Attention has followed the money: McDonnell and Christie represent a vanguard, Republicans trying to crack the code on Democratic gains at both the state and national level. "Last year the political climate was dreadful, ghastly," said former Gov. Jim Gilmore at the Richmond event. A Republican, Gilmore ran for the Senate in 2008, winning only 34 percent of the vote against Democratic Sen. Mark Warner. "I think a lot of that was President Bush. Now he's gone."

In the Obama era Republicans are turning back to the "all politics is local" axiom, as the campaigns have emphasized the role of the White House in affairs of the state.

Democratic candidate Creigh Deeds, 51, is a folksy state senator from rural Virginia who recently compared education cuts to "eating your seed corn, it threatens next year's crop." He has taken a two-prong attack against McDonnell: tying him to George W. Bush and criticizing McDonnell's conservative social views. Deeds runs ads saying McDonnell is bad for working women, citing his pro-life stance and a controversial graduate school thesis McDonnell wrote 20 years ago asserting that feminists were "detrimental to the family."

For his part, McDonnell, who beat Deeds by 332 votes four years ago in the state attorney general race, has used his 18-year government career to paint himself as more in touch with Virginians' conservative roots: "The other side is going to be talking about more spending and more taxes and more regulation," he told me during a tour of Virginia's newest charter school. "I want to talk to them about more innovation and more privatization."
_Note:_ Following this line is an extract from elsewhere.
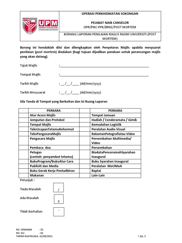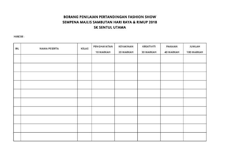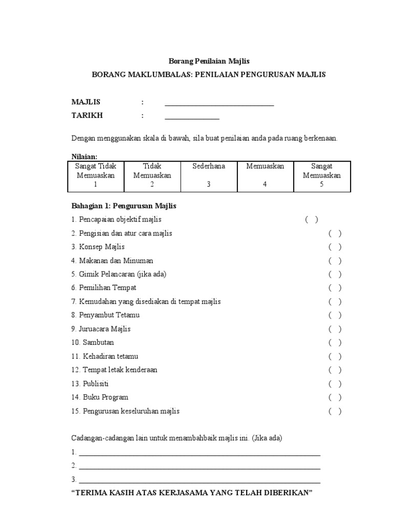 Contoh Borang Penilaian Majlis

McDonnell is turning the election into a referendum on Obama. When I asked him why the political winds are favoring his candidacy this year, he didn't hesitate to blame Washington: "There is a real concern about some of the things that this Congress is doing on spending, on the deficit, on unfunded mandates that people are concerned about . . . this election for governor is their first chance to say something about it."

Forcing Deeds to stand with or against federal policies has so far been successful. Deeds is keeping his distance from Obama's agenda, not appearing at two recent Obama events in Virginia to promote healthcare. "I'm a Creigh Deeds Democrat," was his comeback at a recent debate when asked if he considered himself an Obama Democrat.
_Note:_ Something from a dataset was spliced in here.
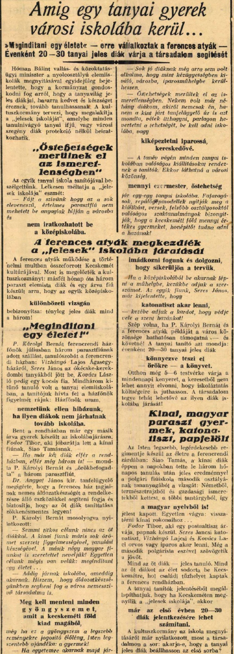 [8] „Amig egy tanyai gyerek városi iskolába kerül…”. Kecskeméti Közlöny, 1941. szeptember 13. 11.
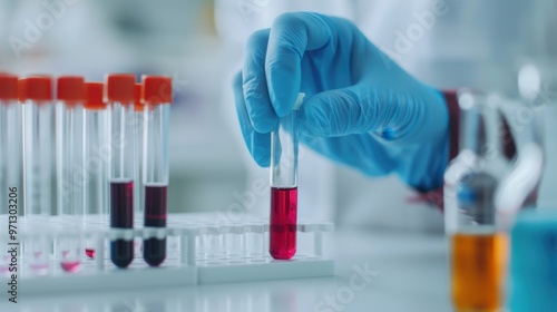Close-up of a scientist's hand using a pipette to transfer liquid into test tubes containing colorful chemicals in a modern laboratory.

If Virginia is a guide, congressional candidates and others in 2010 can expect similar questions for Democratic candidates in former red states that went for Obama in 2008. "Obama is turning out to be much more liberal and divisive than people thought," said Peter Wehner with the Ethics and Public Policy Center. "It may soon dawn on a few moderate Democrats that following Obama could be a death sentence for your political career. He's making the country more conservative."

While that might be true in Virginia, the Obama factor seems to be having different results in a deep-blue state like New Jersey, where Christie is vying to become the first Republican to get more than 50 percent of the vote since George H.W. Bush in 1988.
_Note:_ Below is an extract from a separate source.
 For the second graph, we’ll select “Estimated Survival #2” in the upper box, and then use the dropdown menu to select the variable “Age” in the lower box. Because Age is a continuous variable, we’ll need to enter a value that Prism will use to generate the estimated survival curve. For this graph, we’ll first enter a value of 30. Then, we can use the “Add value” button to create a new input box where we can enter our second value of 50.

Motorists along the streets leading to the St. Matthew AME Church in Orange, N.J., see clear signs that Obama remains popular: Billboards and posters tacked to telephone polls show incumbent Democratic Gov. Jon Corzine posing with Obama above the words, "Keep it going." Inside the church, where both candidates spoke Sept. 30, enlarged photos of Obama and his family decorate the entryway. "Our time has come," read one caption.